Uittreksel uit arrest nr. 118/2008 van 31 juli 2008 Rolnummer 4347 In zake : de prejudiciële vragen betreffende artikel 470 van het Wetboek van de inkomstenbelastingen 1992, gesteld door het Hof van Beroep te Gent. Het Grondwettelijk Hof samengesteld uit de voorzitters M. Bossuyt en M. Melchior, en de rechters P. Martens, R. Henneuse, (...)

bron
grondwettelijk hof
numac
2008203260
pub.
17/09/2008
prom.
--
staatsblad
https://www.ejustice.just.fgov.be/cgi/article_body(...)
Document Qrcode

GRONDWETTELIJK HOF


Uittreksel uit arrest nr. 118/2008 van 31 juli 2008 Rolnummer 4347 In zake : de prejudiciële vragen betreffende artikel 470 van het Wetboek van de inkomstenbelastingen 1992, gesteld door het Hof van Beroep te Gent.

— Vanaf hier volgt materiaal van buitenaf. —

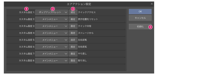 エアアクションに割り当てるCLIP STUDIO PAINTの動作を、プルダウンメニューから選択できます。項目を選択すると同時に、選択した機能に応じたダイアログが表示されます。
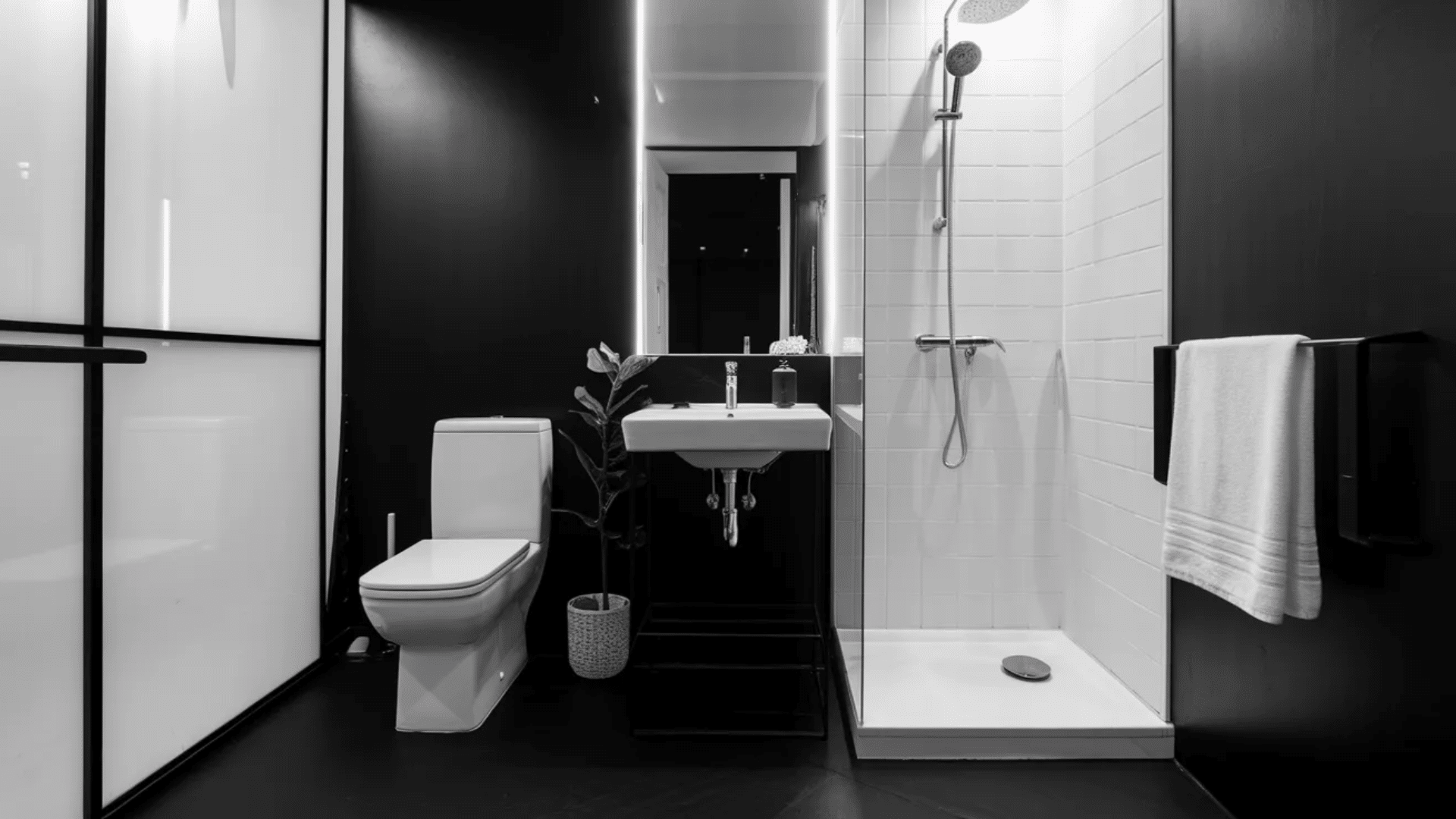 9. Minimalist Black and White Bathroom
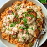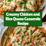 This Chicken and Rice Queso Casserole is a comforting and creamy baked dish combining tender seasoned chicken, cheesy queso, green chiles, and fluffy rice for a delicious and easy meal that’s perfect for weeknight dinners.
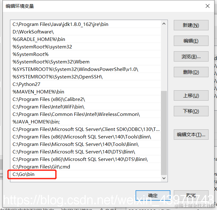 检查是否有C:\Go\bin(你安装SDK下的bin路径),没有则手动点击编辑在最后一行添加上!(我的是安装时自动生成了);
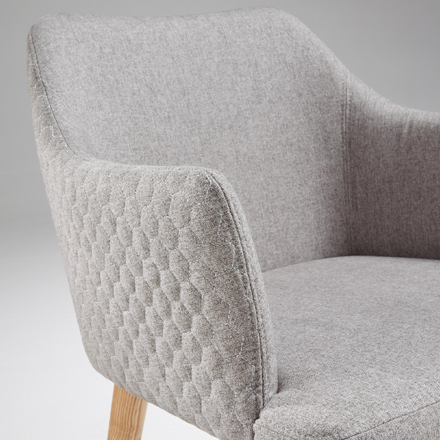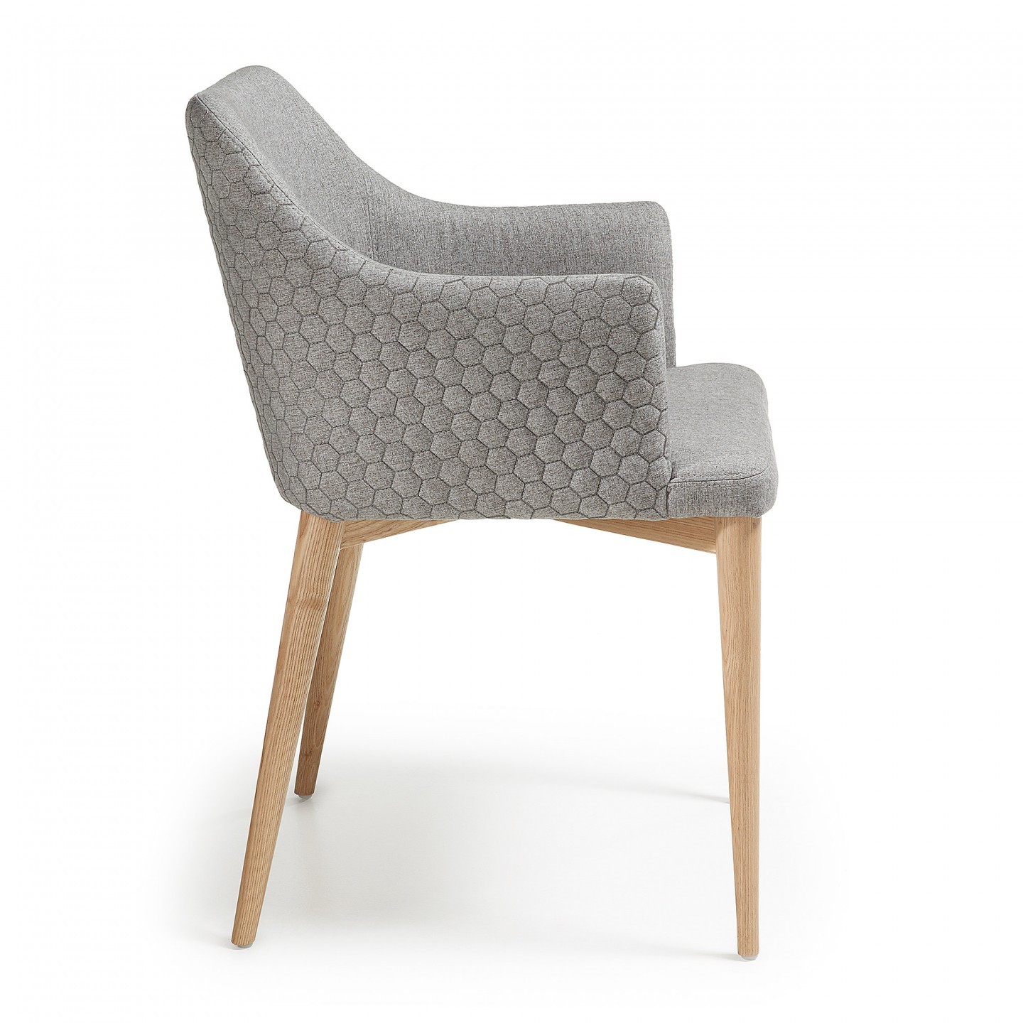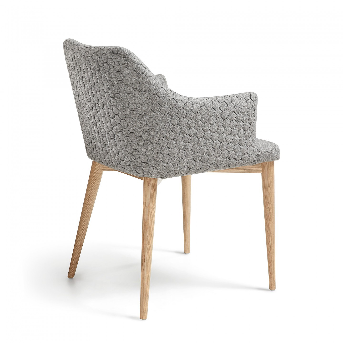Se trata de una silla de corte clásico, tapizada en tela en color gris claro con la parte posterior acolchada. Dispone de brazos para mayor comodidad. Concluye con cuatro pies en madera maciza de fresno que le otorgan una gran firmeza.

Het Grondwettelijk Hof, samengesteld uit de voorzitters M. Bossuyt en M. Melchior, en de rechters P. Martens, R. Henneuse, E. De Groot, L. Lavrysen, A. Alen, J.-P. Snappe, J.-P. Moerman, J. Spreutels, E. Derycke en T. Merckx-Van Goey, bijgestaan door de griffier P.-Y. Dutilleux, onder voorzitterschap van voorzitter M. Bossuyt, wijst na beraad het volgende arrest : I. Onderwerp van de prejudiciële vragen en rechtspleging Bij arrest van 13 november 2007 in zake de stad Oostende tegen de Belgische Staat, waarvan de expeditie ter griffie van het Hof is ingekomen op 26 november 2007, heeft het Hof van Beroep te Gent de volgende prejudiciële vragen gesteld : 1. « Schenden de bepalingen van artikel 470 WIB/1992 de artikelen 10 en 11 Grondwet/1994 in die zin dat deze bepalingen voorzien dat de gemeenten een administratiekost aan de federale overheid moeten betalen voor het innen van de aanvullende gemeentebelasting op de personenbelasting, daar waar de federale overheid de oneigenlijke gewestbelastingen, ingevolge de bepalingen van artikel 5, § 3 van de Bijzondere wet van 16 januari 1989 betreffende de financiering van de Gemeenschappen en de Gewesten, kosteloos ten behoeve van de gewesten gaat innen ? »;2. « Schenden de bepalingen van artikel 470 WIB/1992 de artikelen 10 en 11 Grondwet/1994 in die zin dat deze bepalingen voorzien dat de gemeenten een administratiekost aan de federale overheid moeten betalen voor het innen en invorderen van de aanvullende gemeentebelasting op de personenbelasting, daar waar de wetgever ten aanzien van de aanvullende gemeentebelastingen op andere belastingen die door de federale overheid ten behoeve van de gemeenten worden geïnd en ingevorderd, zoals de opcentiemen op de verkeersbelasting en de opcentiemen op de onroerende voorheffing van de onroerende goederen gelegen in het Waalse Gewest en het Brussels Hoofdstedelijk Gewest, nergens heeft voorzien dat de gemeenten voor deze dienst administratiekosten aan de federale overheid moeten betalen ? ». (...) III. In rechte (...) B.1.1. De prejudiciële vragen betreffen artikel 470 van het Wetboek van de inkomstenbelastingen 1992 (hierna : WIB 1992), zoals het van toepassing was tijdens de aanslagjaren 1995 tot 2003.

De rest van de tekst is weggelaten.